* **WHAT YOU SHOULD DO**: The expected output is an exact copy of each line from the line with "フィールドワークの仕上げはヒトw。 生まれたばかりの男の子。 なんともフレッシュ♪ |" through the end of the data below, with no pictures in it.

* **RAW DATA**:
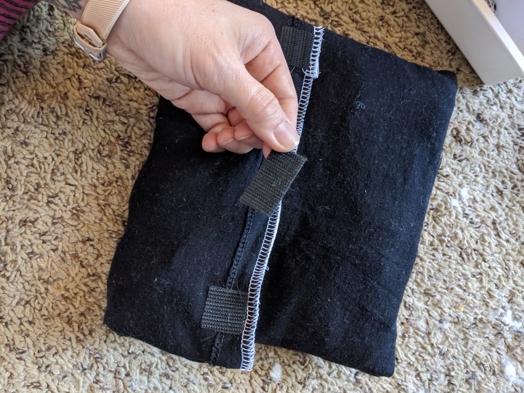 Again, I tacked down the velcro in case it gets oppressively hot in the car. It will be difficult to sew through self-adhesive velcro because the glue will gum up your needle, but if you stick with it (no pun intended), it’ll work!
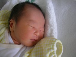 フィールドワークの仕上げはヒトw。 生まれたばかりの男の子。 なんともフレッシュ♪ |
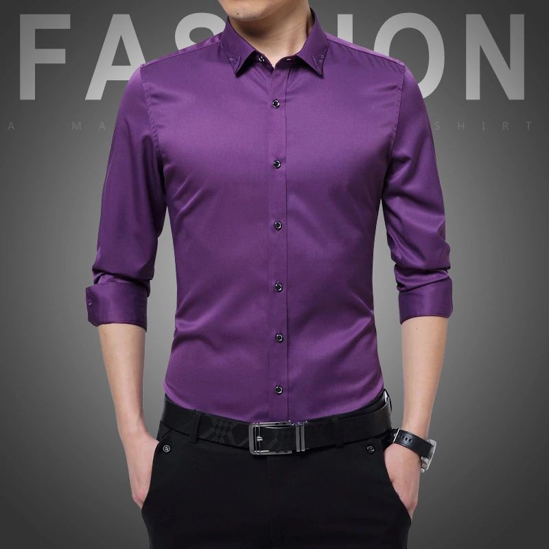 Ready Stock Summer New Purple Long Sleeved Shirts Fashion Casual Baju Lelaki Slim Fit Kemeja Lelaki Shopee Malaysia

* **ANSWER SPACE**:
 フィールドワークの仕上げはヒトw。 生まれたばかりの男の子。 なんともフレッシュ♪ |
 Ready Stock Summer New Purple Long Sleeved Shirts Fashion Casual Baju Lelaki Slim Fit Kemeja Lelaki Shopee Malaysia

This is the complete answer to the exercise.